Network Visualizer for the 'Geschichten aus der Geschichte' Podcast

License

Notifications You must be signed in to change notification settings

Dr-Lego/gag-network

Repository files navigation

Geschichten aus der Geschichte Network Visualizer

This project aims to visualize the intricate web of connections within the German podcast "Geschichten aus der Geschichte" (Stories from History). It creates a network visualization based on the podcast's episode list on Wikipedia, showcasing how the Wikipedia articles of the topics mentioned in the podcast are interconnected.

Project Overview

The GAG Network Visualizer scrapes data from Wikipedia, processes it, and generates a interactive network graph. It reveals interesting connections between historical topics discussed in the podcast episodes.

Key features:

  • Scrapes podcast episode data and related Wikipedia articles
  • Processes and analyzes links between articles
  • Generates a visual network of interconnected topics
  • Provides an interactive web interface to explore the network

Tech Stack

  • Python
  • Web scraping: requests, BeautifulSoup, and Selenium
  • Data processing: pandas and numpy
  • Text parsing: wikitextparser (it speaks Wikipedia fluently)
  • Multiprocessing
  • SQLite database
  • JavaScript-based visualization with vis.js

Performance Optimization

Significant effort has been put into optimizing the performance of this project as processing complete Wikipedia dumps:

  • Wikipedia index file is converted to an sqlite database at the beginning to make it searchable more easily.
  • Utilizes multiprocessing for parallel execution of tasks.
  • Uses database indexing and optimized SQL queries to speed up data retrieval.
  • Pre-loads and compresses network data to reduce initial loading times for the visualization.

Prerequisites

  • Chrome browser for Selenium WebDriver (or change it in build.py)
  • Python packages: pip install -r requirements.txt
  • Node.js tools: sudo npm install terser roadroller -g

Downloading Wikipedia Dumps

  1. Visit dumps.wikimedia.org/dewiki and ddumps.wikimedia.org/enwiki
  2. Choose the latest timestamp directory
  3. Download the two topmost files: *-pages-articles-multistream.xml.bz2 and *-pages-articles-multistream-index.txt.bz2

Setting Up Environment Variables

You need to set several environment variables that define the user agent, database path, and paths to the Wikipedia dump files.

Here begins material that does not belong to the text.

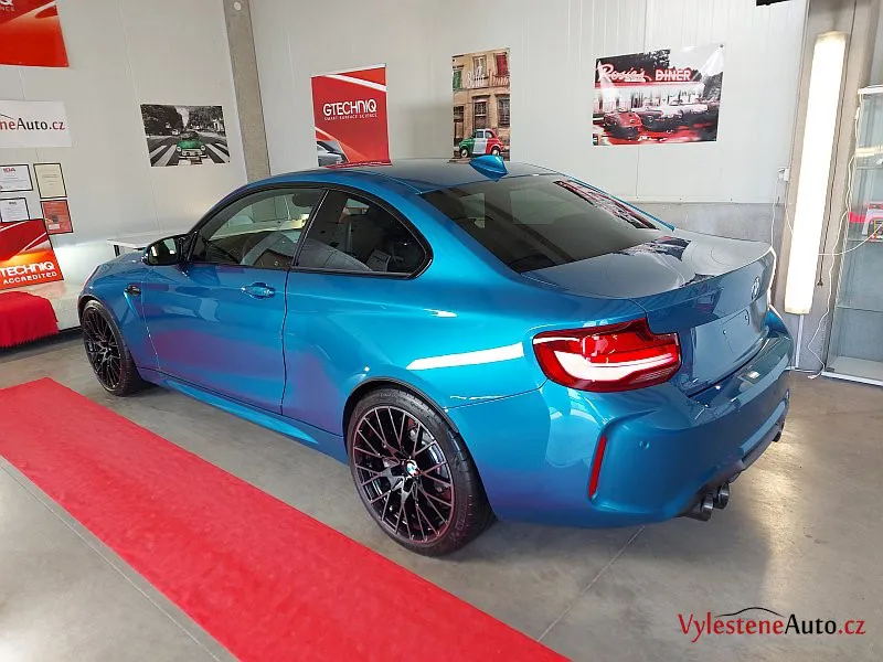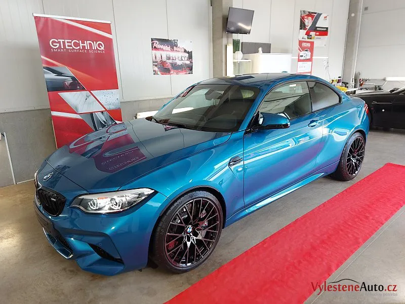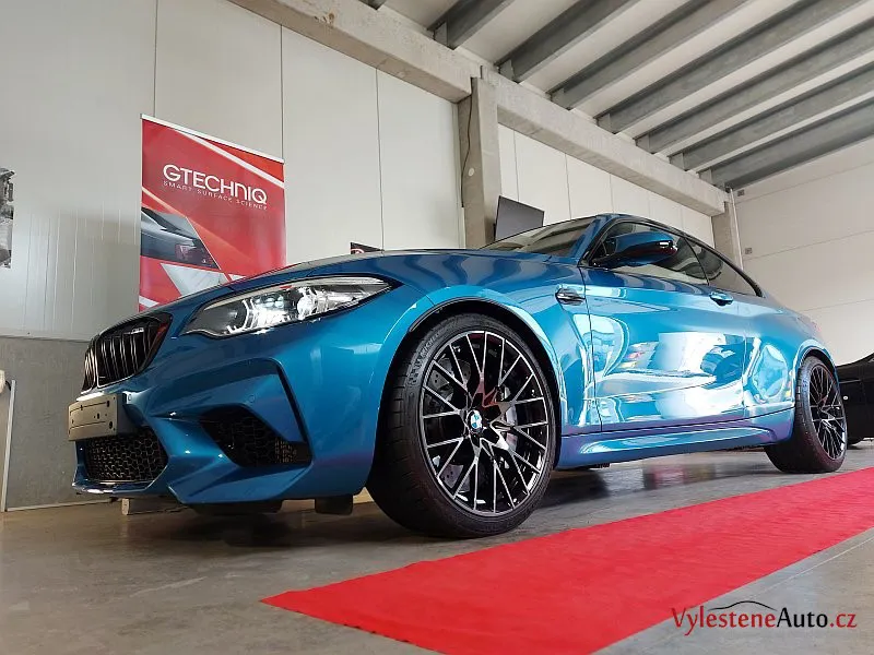Pro ještě větší radost, jsme M2 zdekontaminovali a vícekrokově vyleštili. Jako poslední krok jsme zvolili špičkovou leštěnku určenou pro výstavy automobilů. Zmizely tak drobné nedokonalosti a modrá metalíza získala větší lesk a hloubku. To vše s excentrickými leštičkami = za malých teplot, bezpečně a takřka bez úbytku laku.
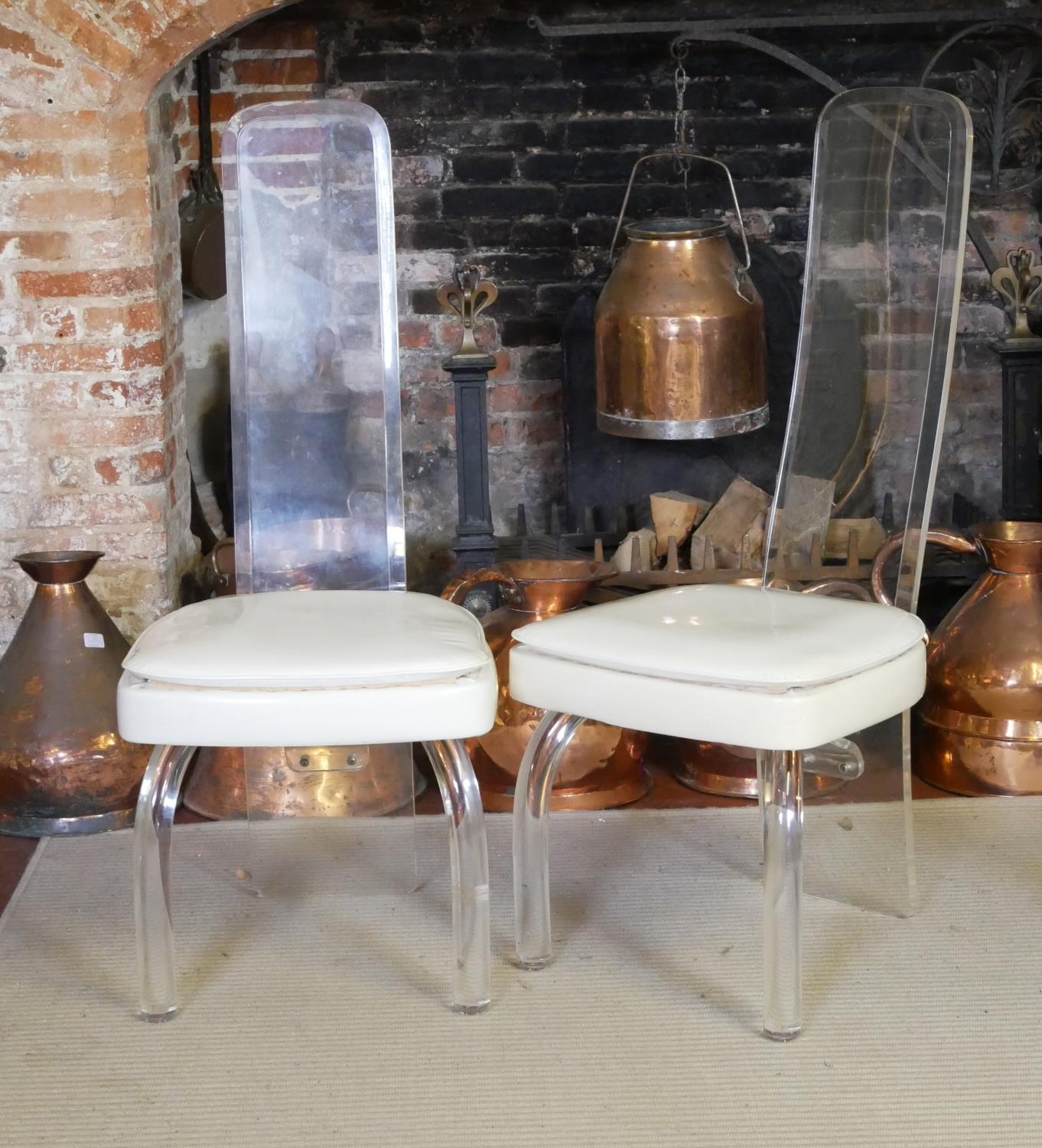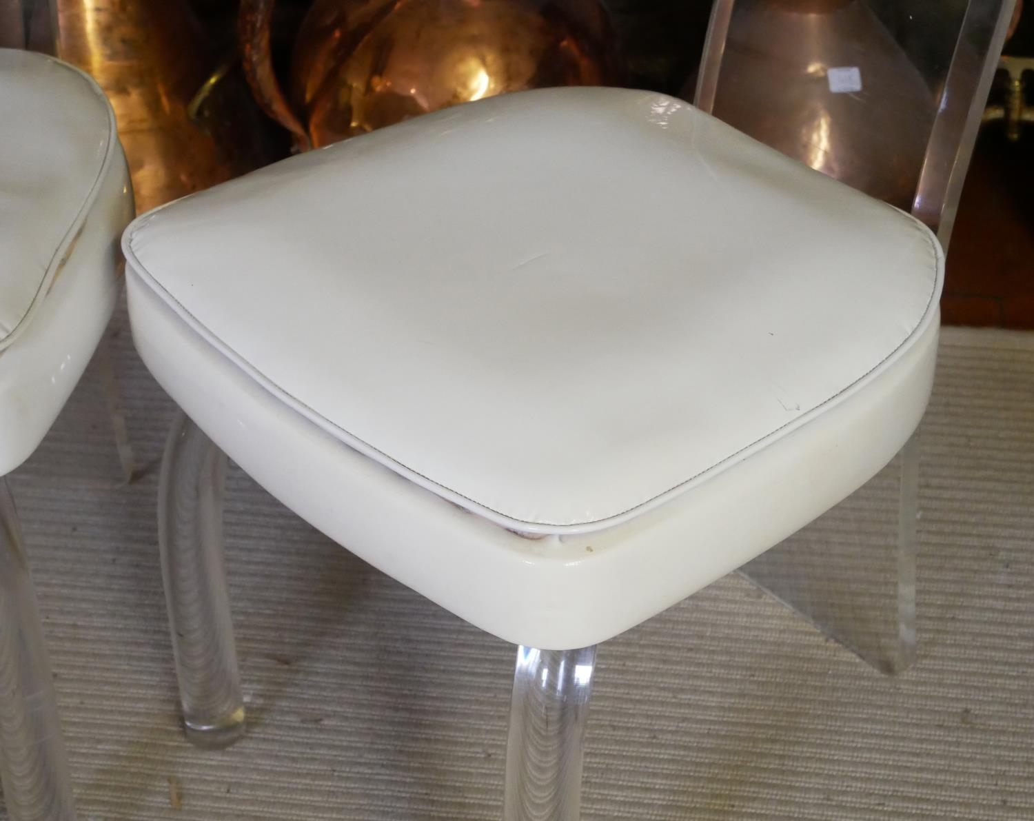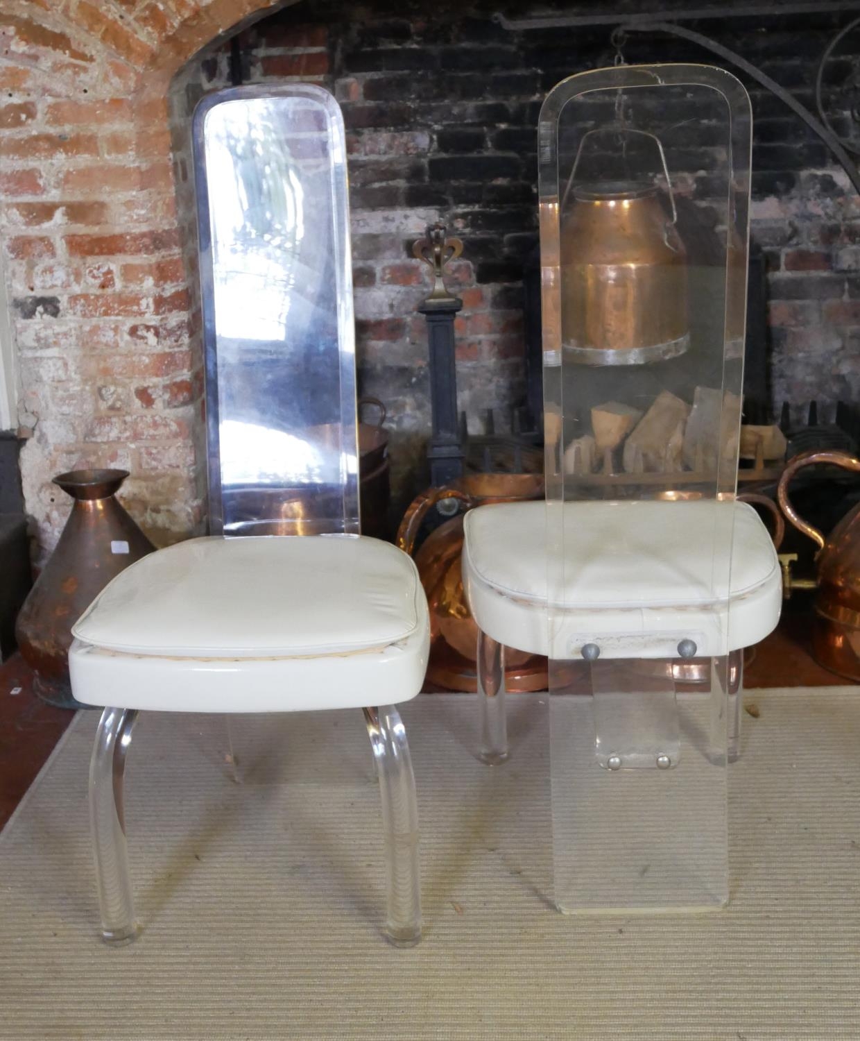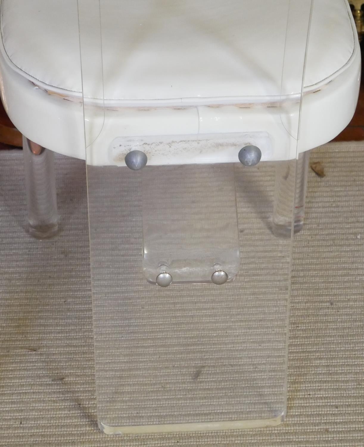 With bevelled lucite backs raised on stylised lucite, on turned cabriole legs.

GAG_USER_AGENT="GAG-Network (your-email@example.com)"
GAG_DATABASE="/path/to/database"
GAG_WIKIDUMP_DE="/path/to/german/wikipedia-dump.xml.bz2"
GAG_WIKIDUMP_DE_INDEX="/path/to/german/wikipedia-dump-index.txt.bz2" 
GAG_WIKIDUMP_EN="/path/to/english/wikipedia-dump.xml.bz2"
GAG_WIKIDUMP_EN_INDEX="/path/to/english/wikipedia-dump-index.txt.bz2" 

Running the Project

The project's main script (main.py) orchestrates the entire process of data collection, processing, and visualization creation. You can run it in different modes depending on your needs.

Usage

You can run main.py in three different modes:

  1. Full Process

    To run the entire process (refresh data and create save):

    python main.py
    

    This will execute all steps in order:

    • Create the database
    • Transform icons
    • Build the network
    • Minimize the build
  2. Refresh Data Only

    To only refresh the data without creating a new save:

    python main.py --data
    

    This will run:

    • Create the database
    • Transform icons
  3. Create Save Only

    To create a new preloaded network save without refreshing data:

    python main.py --preload
    

    This will run:

    • Build the network
    • Minimize the build

Output

After running main.py, you will have:

  • A SQLite database with scraped and processed data
  • JavaScript files containing network data and metadata
  • A preloaded network save for faster initial loading

Notes

  • The full process can be time-consuming, especially when processing complete Wikipedia dumps. Ensure you have sufficient computational resources available.
  • If you encounter any issues, check the console output for error messages and ensure all prerequisites are correctly set up.
  • The --data option is useful when you want to update the underlying data without regenerating the visualization.
  • The --preload option is helpful when you've made changes to the visualization code but don't need to refresh the underlying data.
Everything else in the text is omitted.